Кстати, на сессии областного Совета народных депутатов 25 января 2008 года, администрация области намеревалась (но потом по представлению прокуратуры отказалась) утвердить поправки в областной бюджет прошедшего года, где фигурировали деньги, недополученные социальной сферой. В частности, выяснилось, что на дома-интернаты для престарелых и инвалидов обладминистрация недодала 10,4 млн. рублей, и это сокращение расходов предлагалось на сессии узаконить. Может быть, из-за такого «сокращения расходов» и не проводили в Добринском интернате обязательное флюорографическое обследование? Не потому ли врачи работают на полставки и в редкие часы лечебной практики ставят неправильные диагнозы? Не потому ли пациенты питаются так, что на глазах теряют килограммы?
Может быть, и на областном олимпе считают, что чем скорее все инвалиды вымрут, тем лучше будет всем оставшимся в живых?

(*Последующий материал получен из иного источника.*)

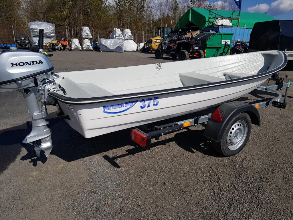 Ekipage för fiskeentusiasten Persson 375 godkänd för 3 personer Honda h 5 hk motor Lorries trailer reg YJB20N Färdig för säsongen

Но вернемся к судебному процессу. Лидия Васильевна, как уже было сказано, возмутилась не только чиновничьей ложью, но и настроением судьи Гудковой. А настроилась та по отношению к истице очень даже против. По крайней мере, так Лидии Васильевне показалось. Свои наблюдения, породившие возмущение, она описала в жалобе, рассчитанной на квалификационную коллегию судей. Мы не будем описывать с чужих слов судейскую манеру ведения процесса, тем более что у каждого она своя. Скажем главное: после всяких там откладываний-перекладываний, отклонений-наклонений судья Гудкова вынесла-таки решение, да еще в пользу истицы.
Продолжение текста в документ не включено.